NEW YORK - The African Union Mission in Somalia [AMISOM] will stay for three more months in Somalia, following a resolution by the United Nations Security Council [UNSC], which took a vote on Tuesday evening over the fate of the peacekeepers.

The vote, UNSC said, will allow the African Union and Somalia to negotiate until March 31, 2022, over the future of peacekeeping troops. The mandate was supposed to expire on December 31, 2021, upon full implementation of the Somali Transition Plan [STP].

The decision reached under Resolution 2614/2021 was adopted on Tuesday night, granting the peacekeeping force the needed certainty as Somalia and the African Union haggle on whether to completely withdraw or rebrand to an AU-UN hybrid mission.

The UN Security Council has authorized “the Member States of the African Union to maintain the deployment of the African Union Mission in Somalia (Amisom) until 31 March 2022,” states the resolution.

Further, it “authorizes Amisom to take all necessary measures in full compliance with participating States’ obligations under international law, including international humanitarian law and international human rights law, and in full respect of the sovereignty, territorial integrity, political independence, and unity of Somalia, to carry out its mandate, as set out.”

While African Union is for the joint mission with the United Nations in Somalia, Mogadishu has repeatedly opposed the move, instead of calling for full implementation of the STP. However, after engaging the AU delegation in November, the federal government of Somalia seemed to have embraced a hybrid mission.

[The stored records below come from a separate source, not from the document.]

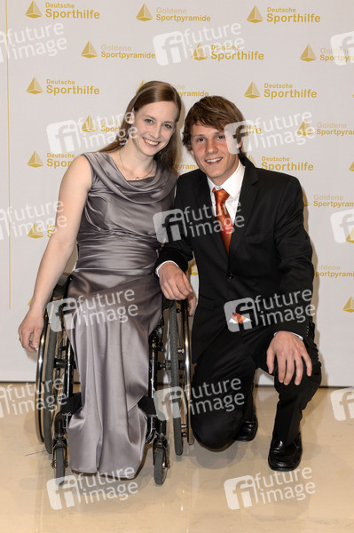 Anna Schaffelhuber mit Bruder Josef Schaffelhuber bei der Verleihung der Goldenen Sportpyramide 2014 im Hotel Adlon. Berlin, 16.05.2014
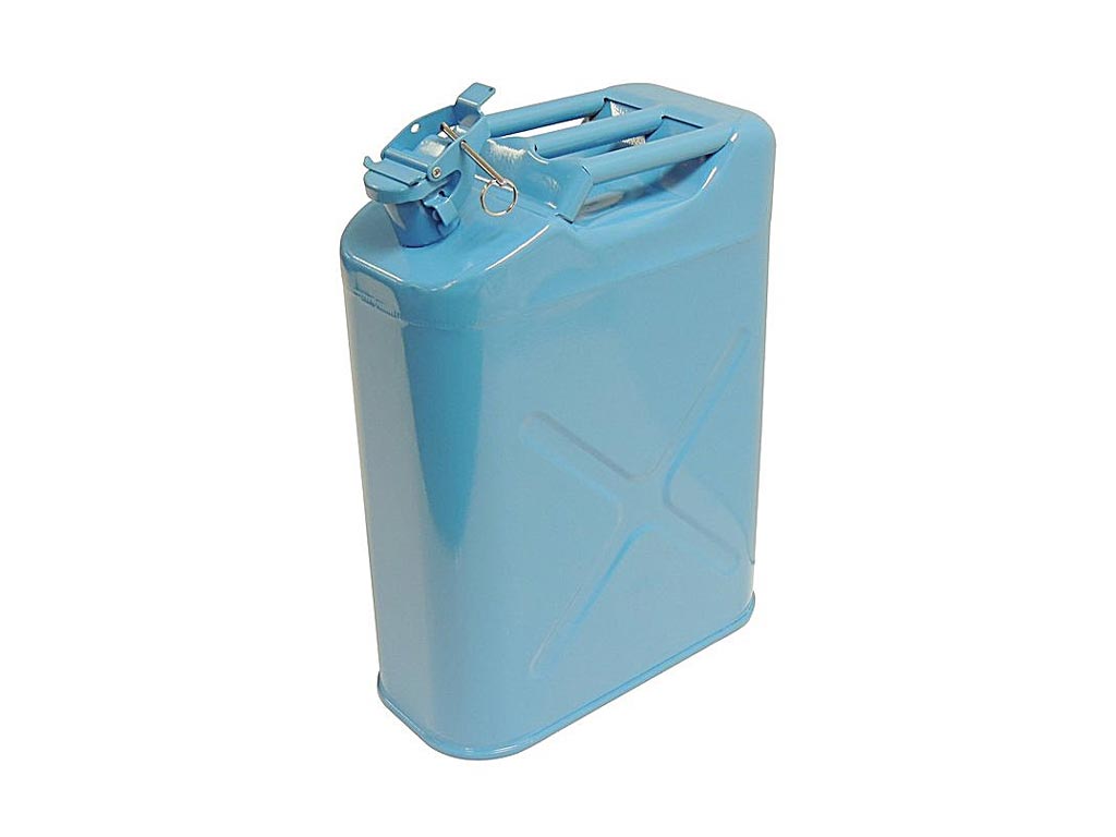 This steel water can has a spring-hinged cap held closed by cotter pin to keep the water in while you are on the rough trails. A food-grade polyurethane lining allows you to use this for potable water on over night trips or just have confidence that rust free water is ready for your radiator in an emergency. Same dimensions as a standard fuel jerry can so this will work with universal mounts. Blue powder coat is more durable than paint to look good for years.
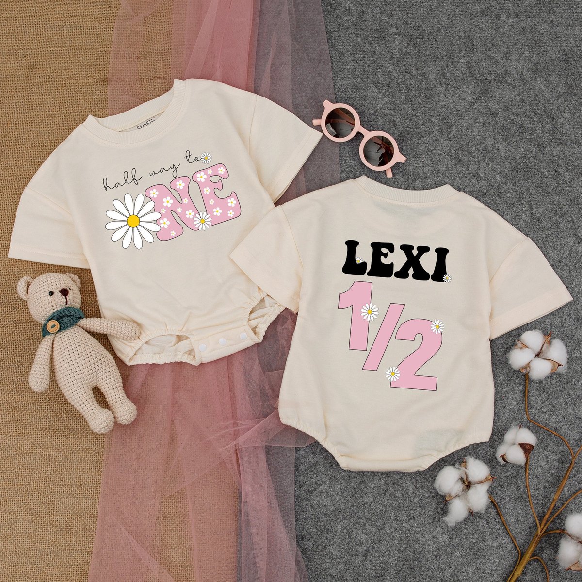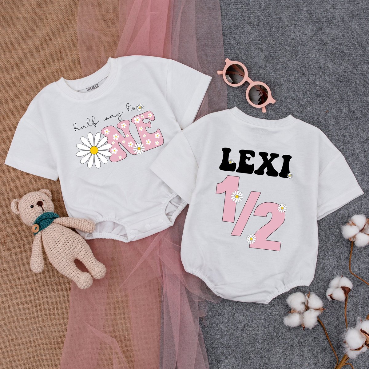 Girls Daisy Half Birthday Romper12 Daisy Birthday Bodysuit Girls Boho Birthday Shirt Cute Personaliz 177
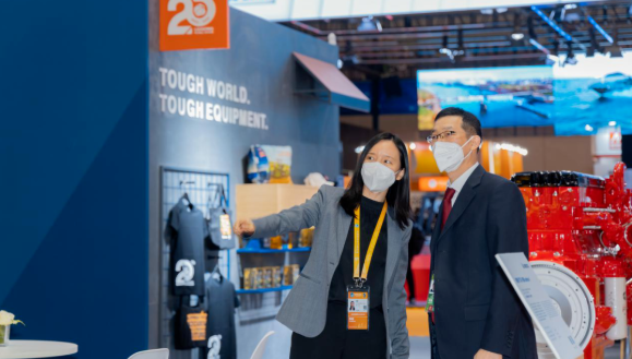 柳工别出心裁的展台设计与多款精巧礼品吸引了众多观众前来打卡、围观。
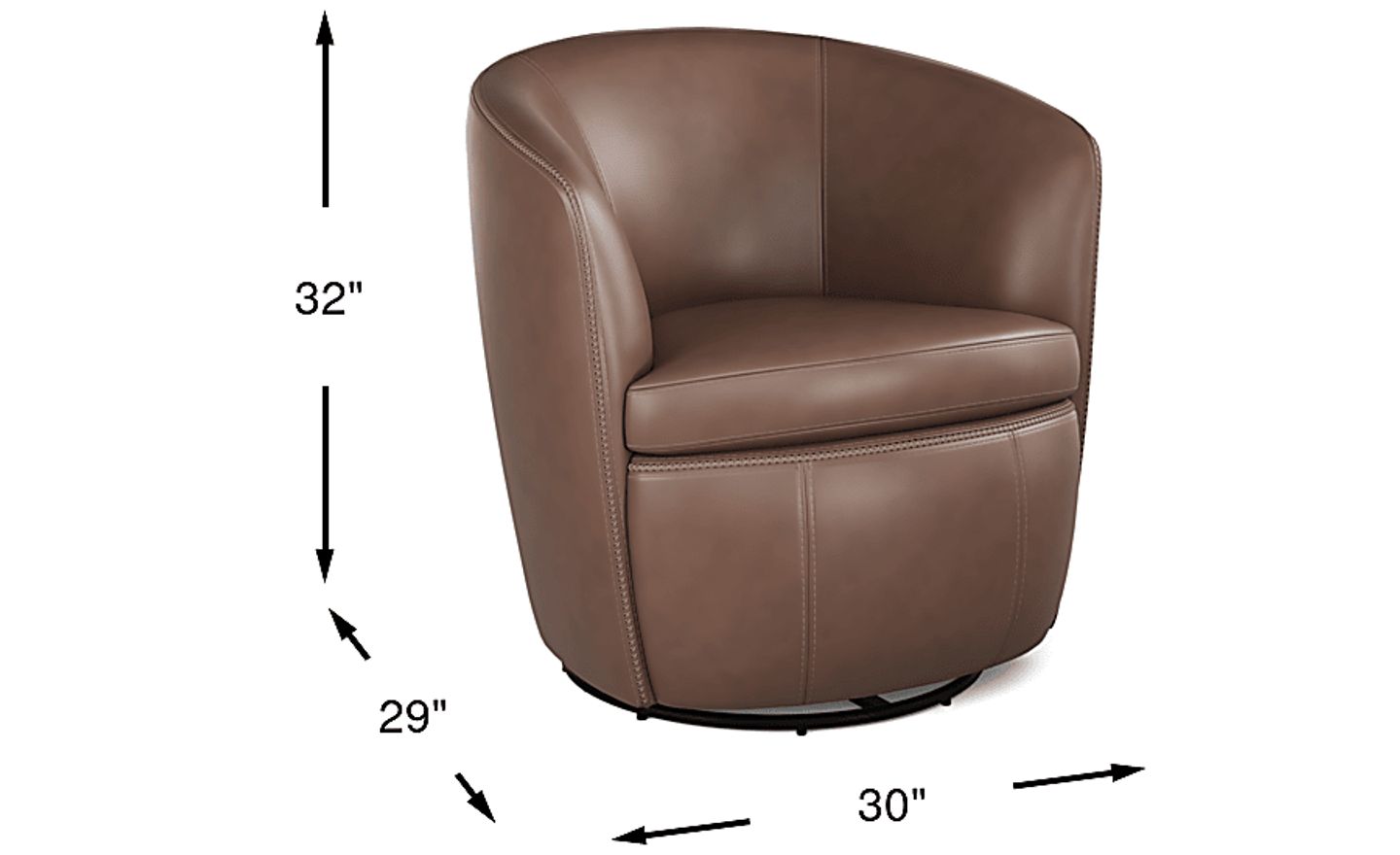 A tasteful and suave profile envelopes you in comfort when you sit in the Damascus swivel chair, an exquisite piece to engage, unwind, and elevate your living space with ease. Upholstered in deep brown top grain leather where the body touches, this modern accent chair showcases comfortable padded arms and a barrel shaped frame for an inviting embrace. The attached seat and back cushion provide sumptuous sink-in comfort, while the detailed top stitching adds character and a sophisticated touch. Its swivel feature brings effortless movement and allows you to be a part of every conversation in the room. Upholstery: Top grain leather where the body touches and vinyl sides and backs. Leather is a durable, low maintenance product; however, general regular maintenance is necessary. To keep your leather clean, vacuum it regularly, removing any dust, and clean it with water and a mild non-detergent soap.
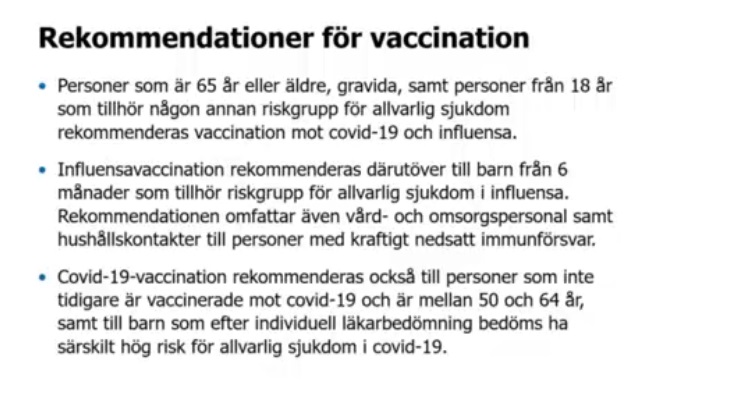 De som rekommenderas vaccination mot covid-19 uppmanas också se till att få det gjort snart. Detta ”för att bidra till en så frisk höst och vinter som möjligt”.
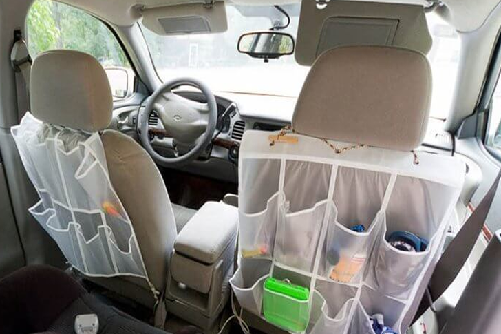 By hanging these organizers off the back of your car seats, you’ll instantly have storage space for you to organize all of your things. And they won’t slide around in the back anymore!
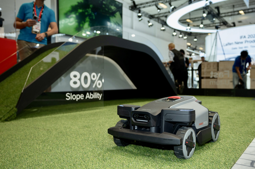 在户外区域,智能割草机RockMow Z1成为欧洲观众的关注焦点。该产品采用四轮独立驱动系统,可应对80%的陡坡地形,其创新的全轮悬挂设计能够自动调节离地间隙,确保刀盘在复杂地形中始终保持最佳工作状态。搭载的Sentisphere™ AI环境感知系统能精准识别边界线并避开障碍物。石头将扫地机积累的导航算法、避障技术平移至割草机领域,实现了技术能力的跨界复用。
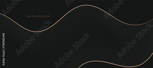 Stylized line art background design with black and golden wavy lines. Design elements of science and technology elements with line design. Vector illustration of black and golden wave lines.
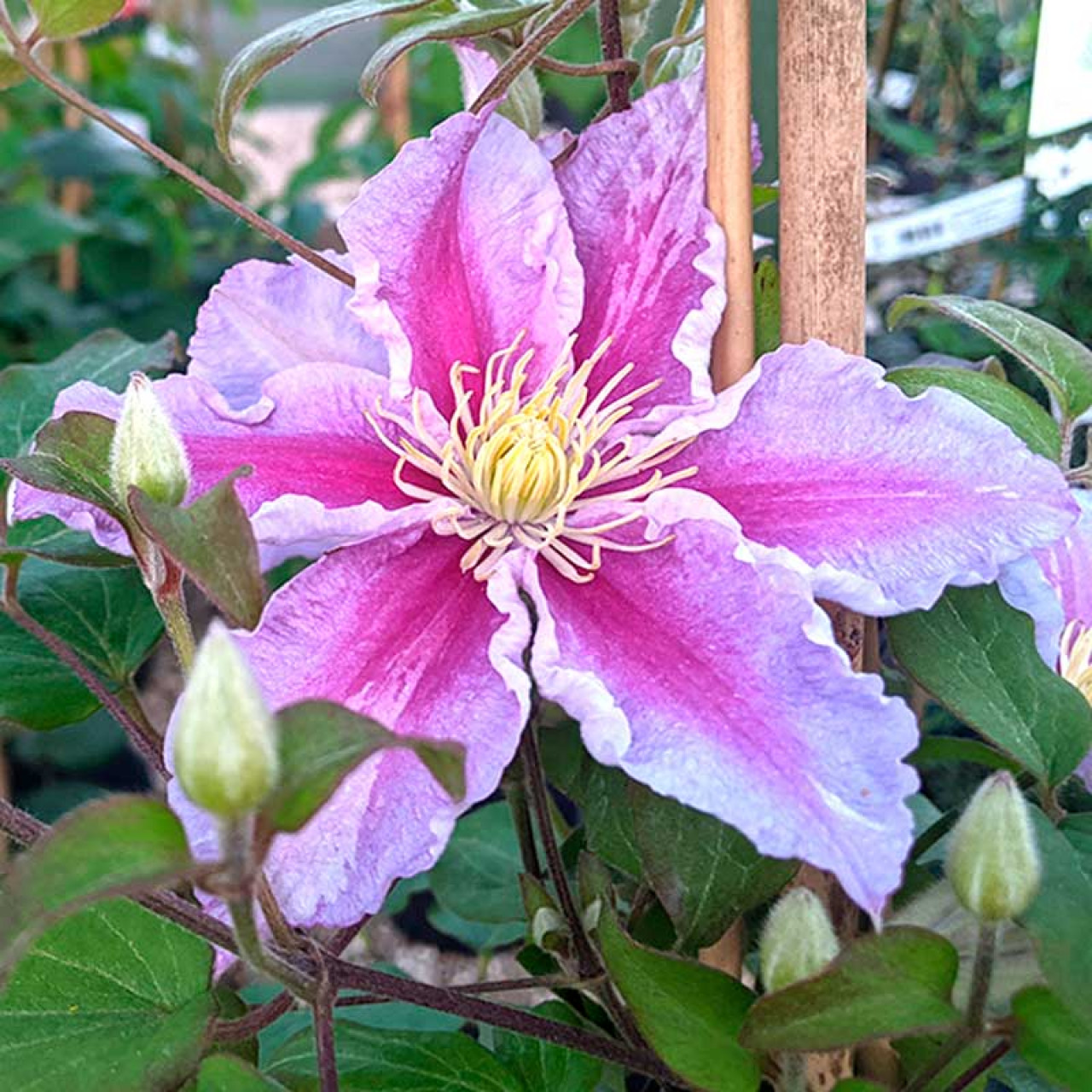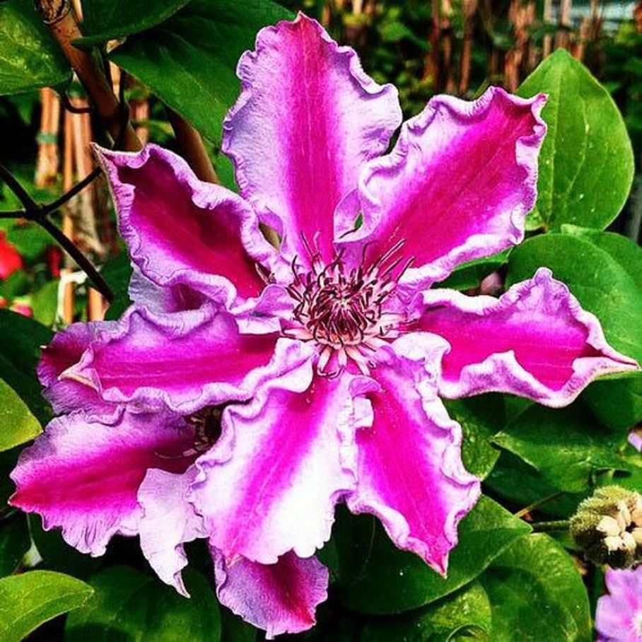 Крупноцветковый, раннецветущий сорт, отличается продолжительным, обильным цветением, неприхотливостью в уходе и морозостойкостью. Бледно-лиловые цветы с яркой пурпурно-красной полоской у каждого лепестка. Лепестки имеют необычные волнистые поля, которые вьются внутрь в привлекательных оборках. Используется для посадки у всех садовых опор, решёток или среди кустарников. Для контейнеров.

Tuesday's resolution means Amisom will continue with its operations against the Al-Shabaab militant group as it awaits a formal deal between Mogadishu and the African Union on whether the Mission should exit, restructure, or be reorganized as a hybrid AU-UN force with civilian components.

Dr. Hawa Noor Zitzmann, a Kenyan COFUND Ph.D. Fellow in Global Governance and Regional Integration at the Bremen International Graduate School of Social Sciences told The EastAfrican the three months could provide for a way forward and clarity on the future of Amisom.

“It is important for the future of Amisom to be determined because it is expiring in about two weeks.

“Surely it would be a bit too exaggerated to claim that Amisom has been very successful in its 14 years in Somalia.

“However, it has also managed to push back al-Shabaab which is also its main mandate and so withdrawing instantly as called for by the FGS [Federal government of Somalia) risks gains by al-Shabaab and a free-fall back to the post 1991-like conditions of anarchy."

Some of the AMISOM troops contributing nations include Kenya, Ethiopia, Uganda, Djibouti, and Burundi. There are a total of close to 22,000 peacekeepers in Somalia paid by International partners among them the European Union and the United Nations.